Assignment. Reproduce the records below exactly, leaving out any pictures.

(Stored data)
※

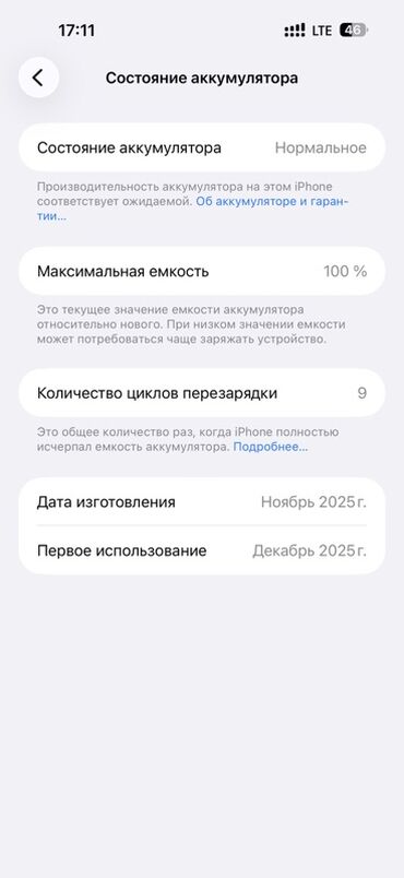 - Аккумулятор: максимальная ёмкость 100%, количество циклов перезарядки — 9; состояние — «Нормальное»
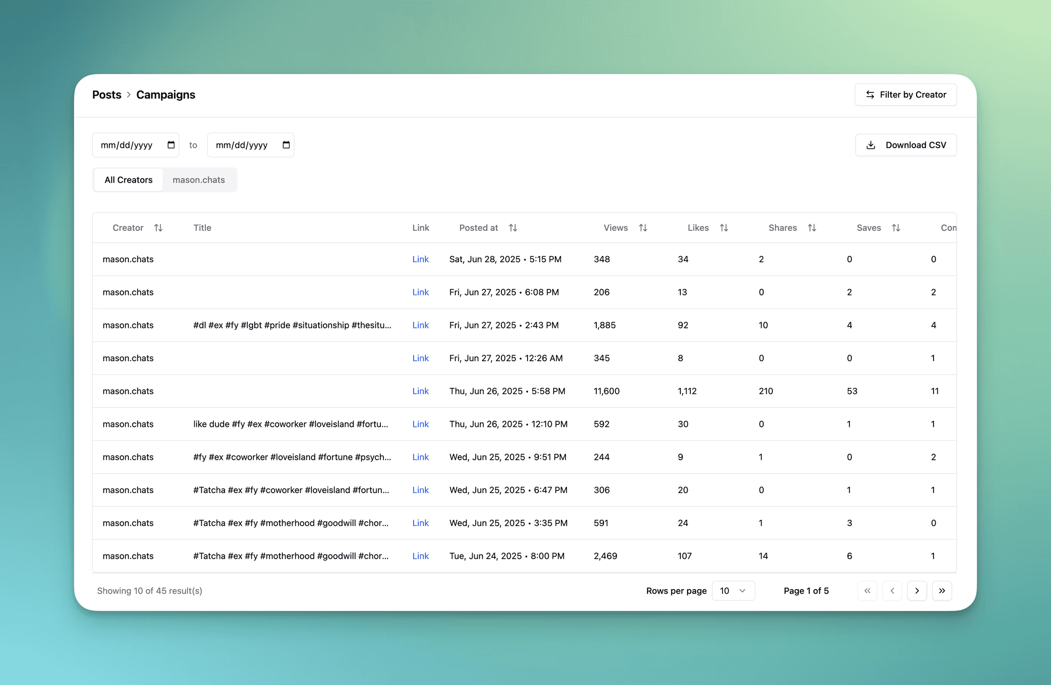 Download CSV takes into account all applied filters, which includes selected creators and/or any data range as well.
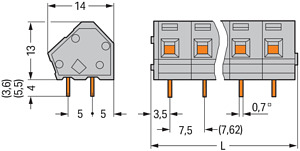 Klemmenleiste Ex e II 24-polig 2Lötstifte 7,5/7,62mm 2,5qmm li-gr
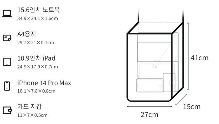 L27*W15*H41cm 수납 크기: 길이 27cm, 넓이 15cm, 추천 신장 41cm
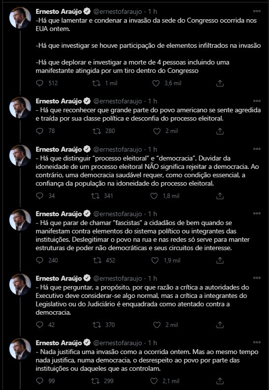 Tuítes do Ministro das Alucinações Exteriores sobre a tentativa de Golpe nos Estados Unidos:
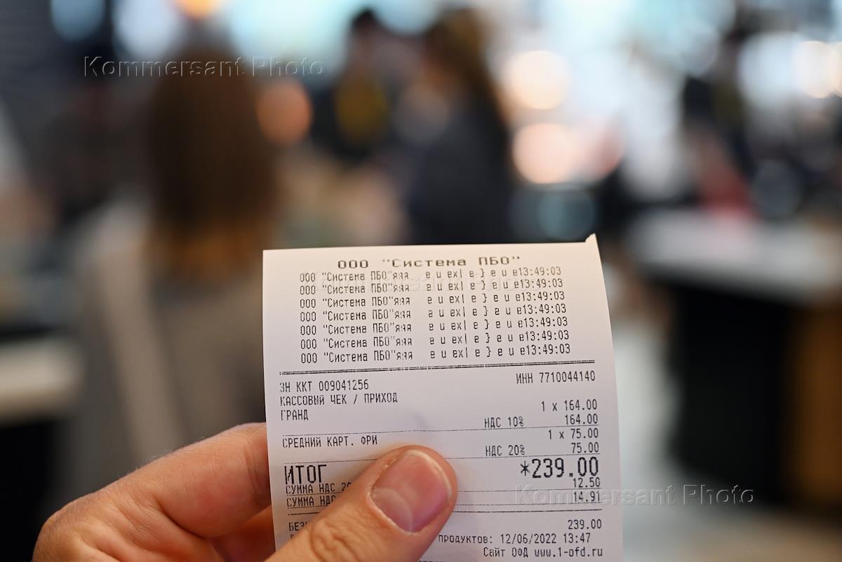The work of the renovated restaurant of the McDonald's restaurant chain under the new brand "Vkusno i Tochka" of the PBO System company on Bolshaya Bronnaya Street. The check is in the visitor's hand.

※

Response to this exercise.
 - Аккумулятор: максимальная ёмкость 100%, количество циклов перезарядки — 9; состояние — «Нормальное»
 Download CSV takes into account all applied filters, which includes selected creators and/or any data range as well.
 Klemmenleiste Ex e II 24-polig 2Lötstifte 7,5/7,62mm 2,5qmm li-gr
 L27*W15*H41cm 수납 크기: 길이 27cm, 넓이 15cm, 추천 신장 41cm
 Tuítes do Ministro das Alucinações Exteriores sobre a tentativa de Golpe nos Estados Unidos:
The work of the renovated restaurant of the McDonald's restaurant chain under the new brand "Vkusno i Tochka" of the PBO System company on Bolshaya Bronnaya Street. The check is in the visitor's hand.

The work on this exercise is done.